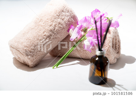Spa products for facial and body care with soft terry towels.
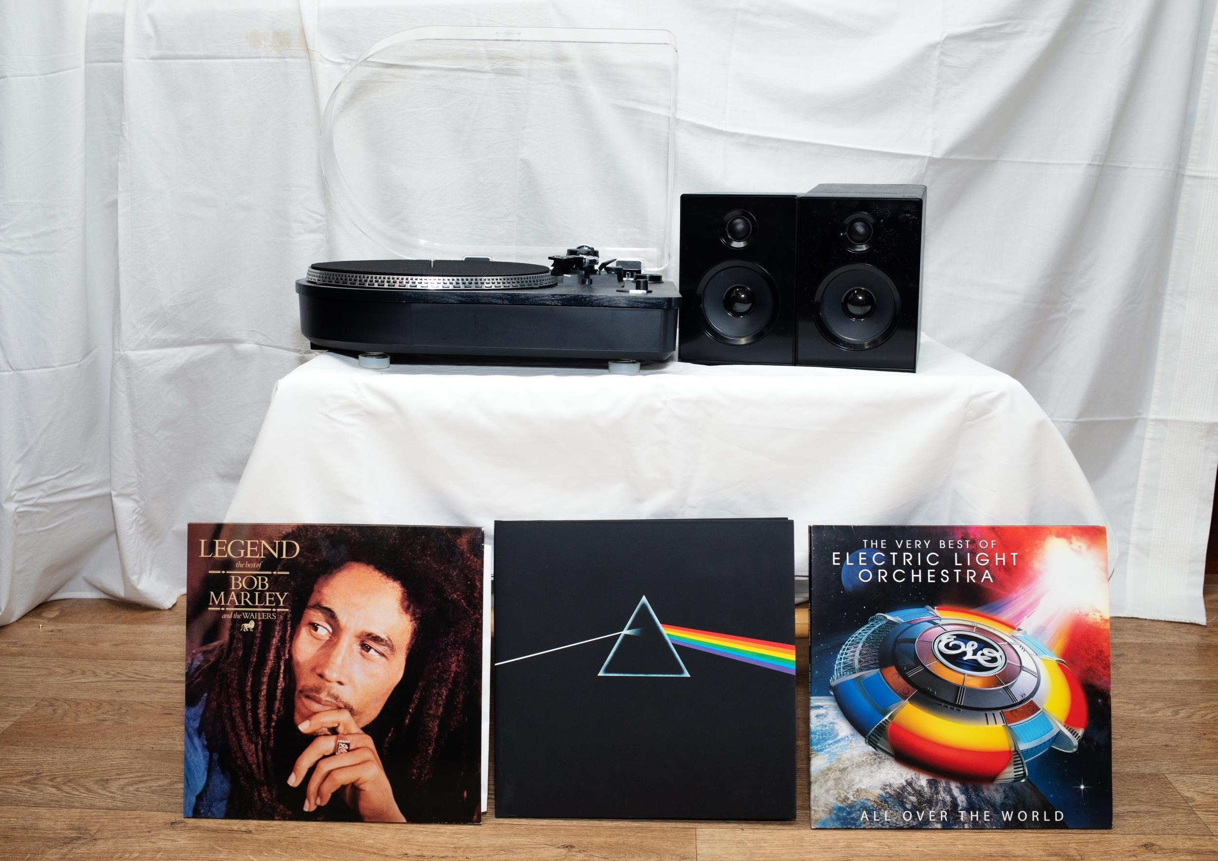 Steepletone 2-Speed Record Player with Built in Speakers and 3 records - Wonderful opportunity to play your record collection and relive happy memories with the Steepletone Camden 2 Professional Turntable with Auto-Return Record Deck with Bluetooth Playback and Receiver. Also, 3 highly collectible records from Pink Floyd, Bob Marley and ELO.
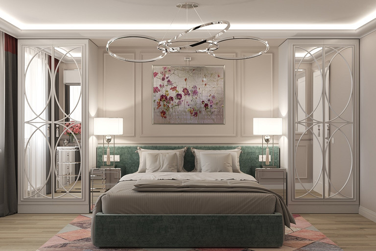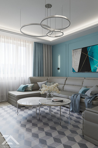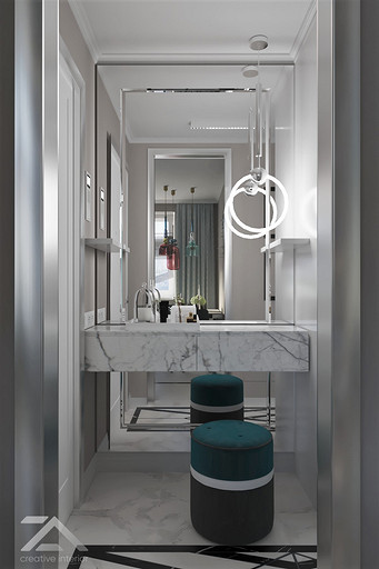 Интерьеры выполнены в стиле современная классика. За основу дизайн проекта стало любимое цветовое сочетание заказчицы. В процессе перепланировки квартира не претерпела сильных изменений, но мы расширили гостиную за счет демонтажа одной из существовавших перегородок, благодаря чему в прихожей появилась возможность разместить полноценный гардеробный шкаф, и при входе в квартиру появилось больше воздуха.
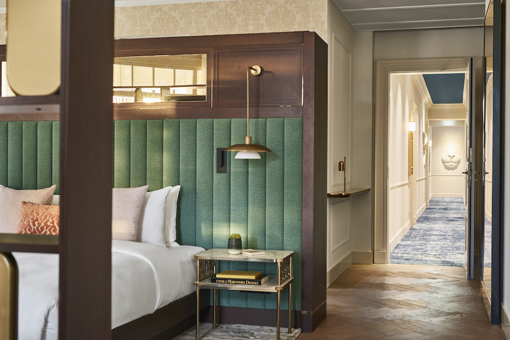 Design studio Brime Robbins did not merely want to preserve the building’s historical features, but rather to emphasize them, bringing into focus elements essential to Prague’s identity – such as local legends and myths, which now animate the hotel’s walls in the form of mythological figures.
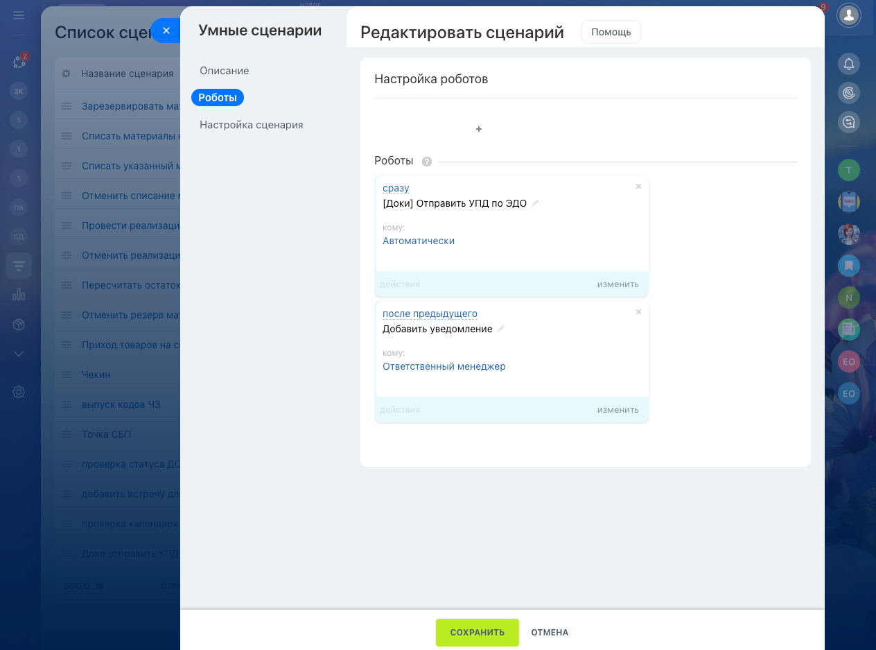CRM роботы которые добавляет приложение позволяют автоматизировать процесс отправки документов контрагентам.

- WHAT THIS TASK INVOLVES -
Begin with the line that has "Design studio Brime" and continue to the last line of the entries, printing each line exactly and nothing else; include both ends and skip the pictures.

- SOLUTION BELOW -
 Design studio Brime Robbins did not merely want to preserve the building’s historical features, but rather to emphasize them, bringing into focus elements essential to Prague’s identity – such as local legends and myths, which now animate the hotel’s walls in the form of mythological figures.
CRM роботы которые добавляет приложение позволяют автоматизировать процесс отправки документов контрагентам.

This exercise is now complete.